Jeżeli pojawia się wydarzenie ważne dla Klubu 500, jak chociażby jubileusz, to przez szacunek dla historii tego Klubu, historii związanej z Łodzią (bo to jest taki bardzo łódzki klub, szalenie mocno w mieście osadzony), przez szacunek dla osób, które funkcjonowały
w Klubie, które już odeszły (chwilowo lub na zawsze), a wniosły powiew swojej osobowości, staram się je ocalić i przekazać innym ludziom. I docenić tych wszystkich ludzi, którzy w Klubie byli. Bardzo jest ważne, w moim odczuciu, mówienie ludziom ”Ty tu byłeś, zostawiłeś tu kawał swojego życia, to ważne – dziękujemy Ci.”
Czy w innych miastach są podobne Kluby?
Nasz Klub jest autorskim pomysłem Sylwestra Szymalaka, prezesa Stowarzyszenia i osób wokół niego zgromadzonych blisko 25 lat temu. Pomyślany był jako oddział lokalny powstającego wówczas w Warszawie Klubu 500. A przypomnę, że był to okres budowania nowych wzorców gospodarczych, nowej III RP. Po klubie warszawskim dawno nie ma śladu, a nasz Łódzki dalej funkcjonuje. W innych miastach, jak i w Łodzi, są rożne kluby biznesowe. Natomiast niewątpliwie Stowarzyszenie Klub 500-Łódź jest o tyle odmienne, że zajmujemy ważną pozycję w środowisku biznesowym – bez nas nic się ani w mieście, ani w regionie nie dzieje. Jesteśmy zapraszani do ciał naprawdę znaczących, choć nie jesteśmy instytucją samorządu gospodarczego, tylko raczej okołobiznesową. I tu też mam pewien sukces. Mianowicie – przy Marszałku Województwa została powołana Rada Gospodarcza Województwa Łódzkiego (jeszcze w poprzedniej mojej sejmikowej kadencji zaparłam się, że coś takiego zostanie powołane), do której wprowadziłam przedstawicieli izb gospodarczych z regionu. I uważam, że jest to faktycznie moja zasługa.
Ale, choćby Klub był nawet najwspanialszy na świecie, to jeżeli nie będziemy go promować, informować ludzi o jego działalności, o jego inicjatywach, to ludzie zwyczajnie nie będą o nim niczego wiedzieć. Zwłaszcza, że jest elitarny i tak jest postrzegany przez wielu przedsiębiorców. Należenie do niego nie jest czymś pragmatycznym, ale nobilitującym – na pewno.

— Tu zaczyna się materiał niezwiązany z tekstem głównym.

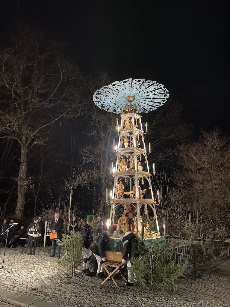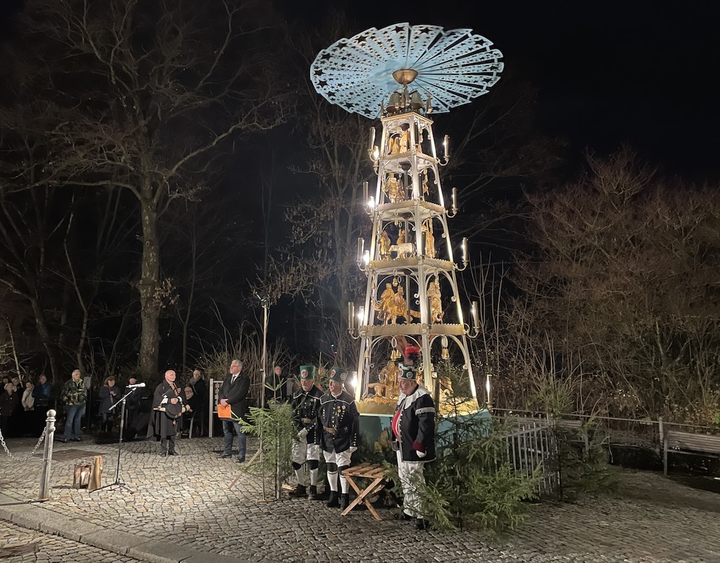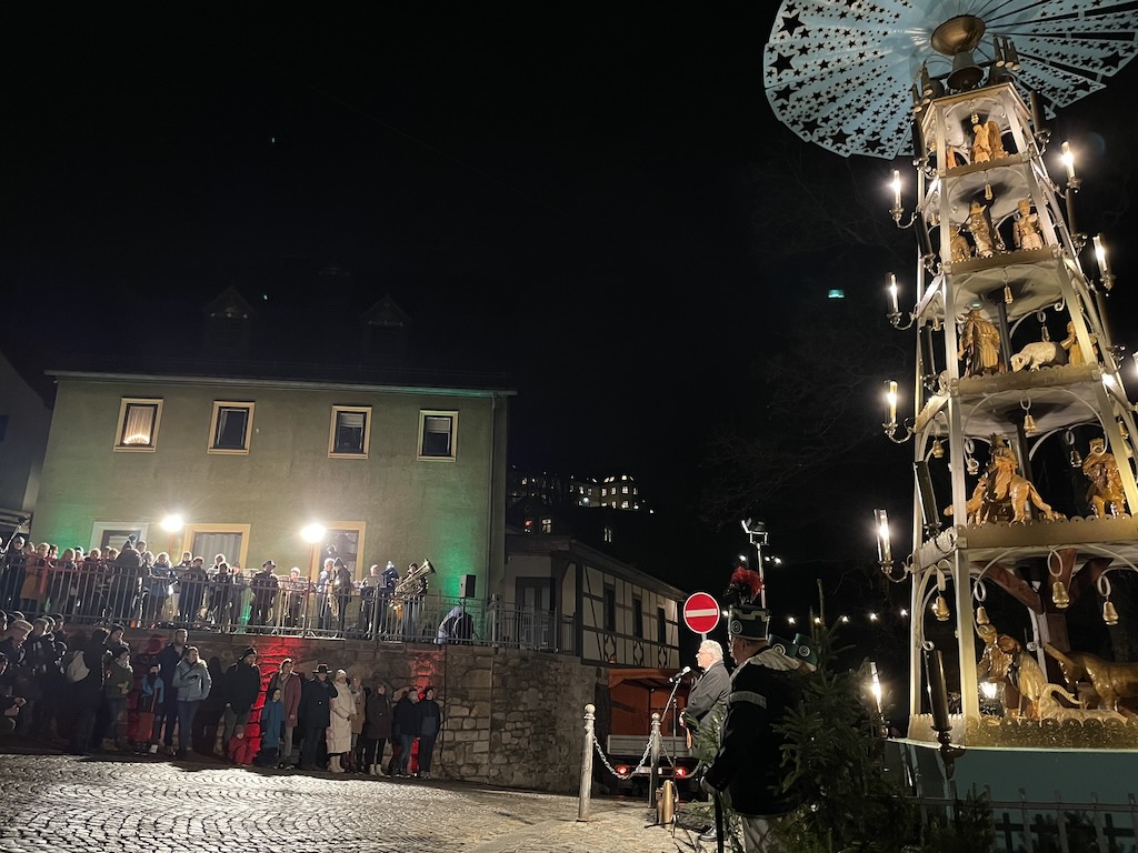 Das Programm begann 17.30 Uhr, Oberbürgermeister Ruben Gehart sagte ein paar Worte, der Schwarzenberger Türmer Gerd Schlesinger erzählte einiges aus der Geschichte der Kraußpyramide, die Jahrgang 1934 und mittlerweile 91 Jahre alt ist. Lieder von der Chorgemeinschaft Schwarzenberg und Stücke vom Posaunenchor rundeten das Ganze ab.

Jakie są twoje oczekiwania na przyszłość, związane z Klubem 500-Łódź?
Marzy mi się rozwój Klubu, ale ja akurat nie jestem zwolenniczką rozwoju ilościowego, lecz jakościowego. Jestem jedną z tych osób, które mówią: „Nic na siłę”. Nie ma takiej potrzeby, żeby to było dosłownie 500 firm. Z mojego, bardzo egoistycznego założenia wynika, że potrzebne jest obcowanie z ludźmi z klasą, z takimi jak np. Jola Chełmińska, którą poznałam zaraz po związaniu się z Klubem. Chciałam mieć z nią kontakt. Z tego powodu nawet zapisałam się do Międzynarodowego Forum Kobiet, w którym działała – byłam nią autentycznie zafascynowana i bardzo chciałam poznać bliżej. Tak, obcowanie ze znakomitymi, wartościowymi ludźmi to jest to, czego oczekuję od Klubu 500-Łodź.